We will now use bar plots to visualize cases in the top 10 countries. As of now, there are hardly any countries that do not have any cases of coronavirus. This would be overwhelming to plot, therefore, we will pick the top 10 countries that have the highest amount of cases of coronavirus and graph them using bar plots.
We will be using the same database and also the same information to do the plots. The dataset contains data for each country as well as the world overall, therefore, we need to disregard that. We will also need to handle duplicates as there may be duplicates for a lot of countries. We will use a function this time to do the plotting so that we don't have to use the same code to do the same plot for cases and deaths.

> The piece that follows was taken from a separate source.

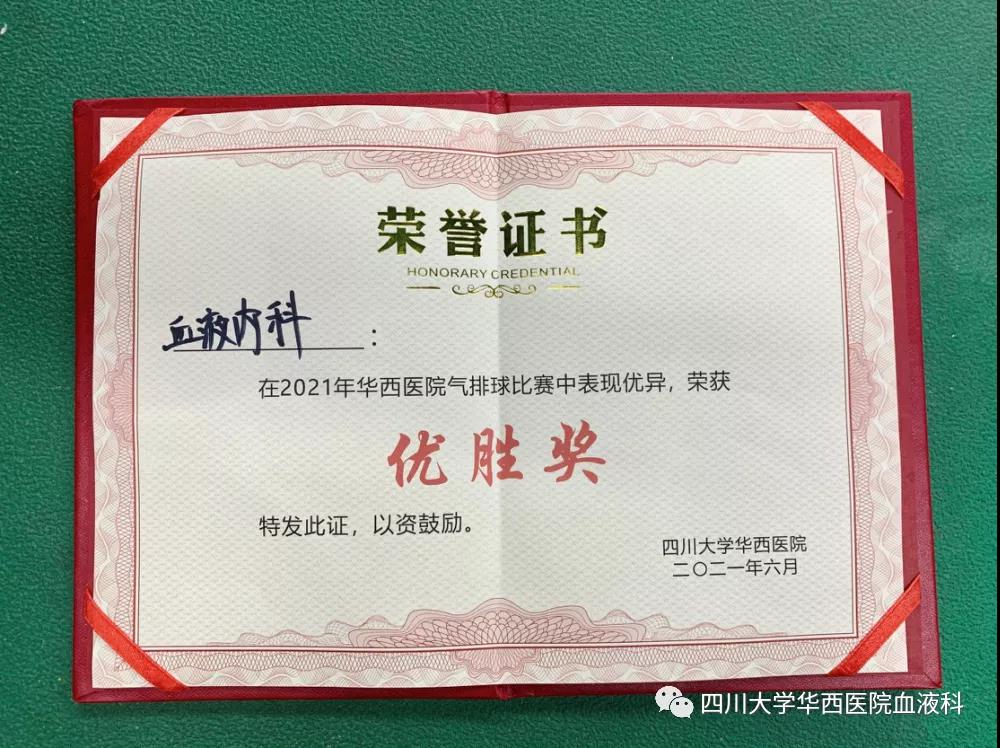 2、血液科青年职工参与“永远跟党走”全院气排球比赛荣获优胜奖。

world_copy = world_data.loc[~(world_data['location'].isin(['World']))]
# Group by location and date
world_copy = pd.DataFrame(world_copy.groupby(['location', 'date'])
['location', 'total_cases', 'total_deaths'].sum()).reset_index()
world_copy = world_copy.sort_values(by = ['location', 'date'], ascending=False)
# Get rid of any duplicates in the dataset
world_copy = world_copy.drop_duplicates(subset = ['location'], keep='first')
# Lets do bar plots of top 10 countries
world_copy.reset_index(drop=True)
# Make a function to plot cases and death vs time
def make_plot(df, group, column, title, x_axis, y_axis):
fig, ax = plt.subplots(1, 1, figsize=(20, 8))
pal = sns.color_palette("tab10")
df = df.sort_values([column], ascending=False).reset_index(drop=True)
plot = sns.barplot(df[group][0:10], df[column][0:10], palette=pal)
plot.set_title(("Plot for top 10 {} - ").format(title), fontweight='bold', fontsize=14)
plot.set_xlabel(x_axis, fontweight='bold', fontsize=12)
plot.set_ylabel(y_axis, fontweight='bold', fontsize=12)
plt.show()
# Make bar plots for total cases and total deaths
make_plot(df=world_copy, group='location', column='total_cases',
title='countries with highest cases',
x_axis='Countries', y_axis='Total cases in millions')
make_plot(df=world_copy, group='location', column='total_deaths',
title='countries with highest deaths',
x_axis='Countries', y_axis='Total deaths')
As expected, the United States is a clear winner for both the cases and deaths. After the United States, we see a mismatch of countries for each plot. As for the cases, India seems to be the second-highest. However, for deaths, Brazil seems to be the second-highest. Brazil and India switch around the second and third positions in both plots. It is surprising to see that Italy and Spain follow 4-5 countries in both plots even though they had a rapid increase in mid-2020.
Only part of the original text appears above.